A jointly-proposed trial of ipilimumab and poly IC/NY-ESO-1/montanide vaccine has been pre-approved for drug supply by BMS. NYU and Memorial Sloan-Kettering Cancer Center will work together in an attempt to augment the clinical activity of CTLA-4 blockade using vaccination. Finally, IMCG investigators will collaborate with Dr. Jedd Wolchok on a clinical trial comparing improved DC vaccines with montanide in a study recently funded by the Melanoma Research Foundation.
The IMCG is also currently conducting phase II trials of RO4929097, an inhibitor of Notch pathway signaling in tumor cells. In addition to the trial, IMCG investigators are evaluating the effects of the drug on melanoma tumorigenesis by studying its effect on many downstream targets.
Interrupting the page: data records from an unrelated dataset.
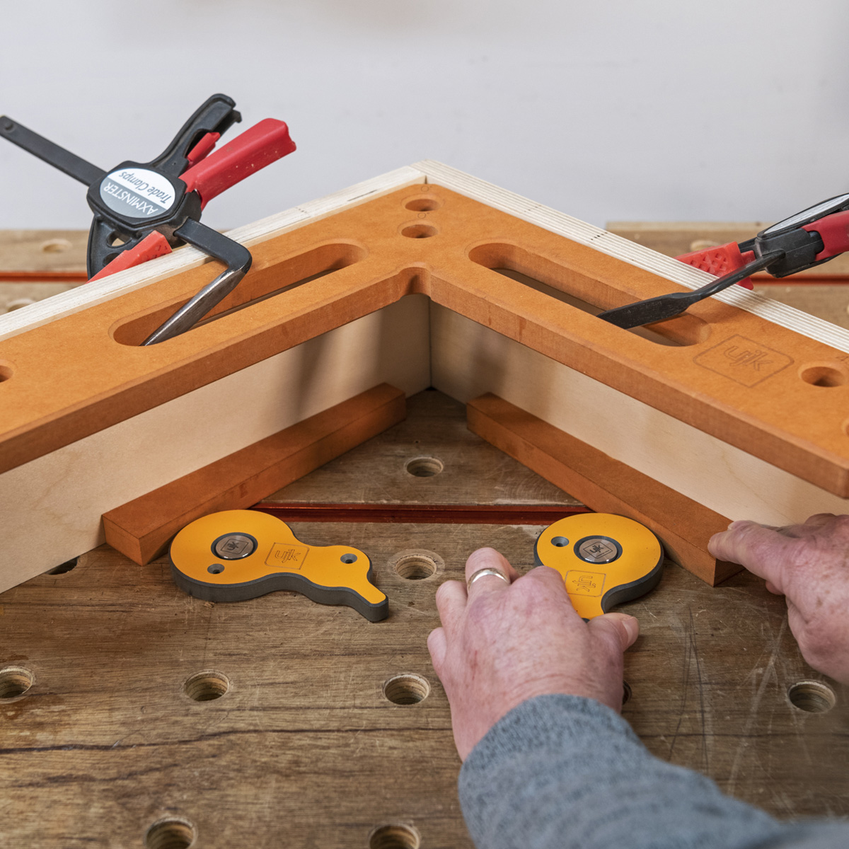 Use with UJK Super Dogs, a guide rail, and a track saw for flawless 45° and 90° cuts. Create tighter grids with 32mm or 46mm spacing for endless cutting, assembling, and clamping options.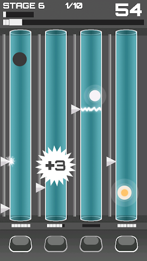 Balls fall through the four pipes. Push the buttons at the right time to activate the triggers and pop them.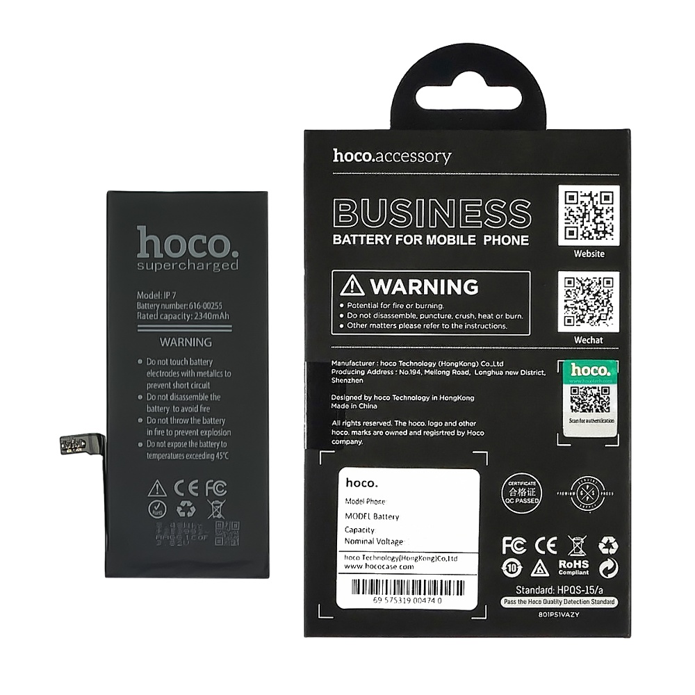 Акумулятор Hoco для Apple iPhone 7, посилений (2340mAh), а також інші запчастини і аксесуари для мобільних телефонів і планшетів можна вигідно придбати оптом в інтернет-магазині MasterClub.

This information will elucidate how the drug is working and interacting with other known players in melanoma genesis.
Other areas of scientific investigation include:
- NY-ESO-1 expression in melanoma prognosis and survival
- Immunologic potential of NY-ESO-1 as a treatment target
- Overexpression of NEP in the progression of cutaneous melanoma
- BRAF and N-RAS mutations in metastatic melanoma
- Novel imaging approaches for the early detection of melanoma, including the MoleSafe total skin imaging program, and dermoscopic analysis of individual skin lesions to differentiate early melanomas from benign growths. Investigators are also exploring the use of these tools to calculate a patient's overall risk for developing melanoma or multiple primary melanomas.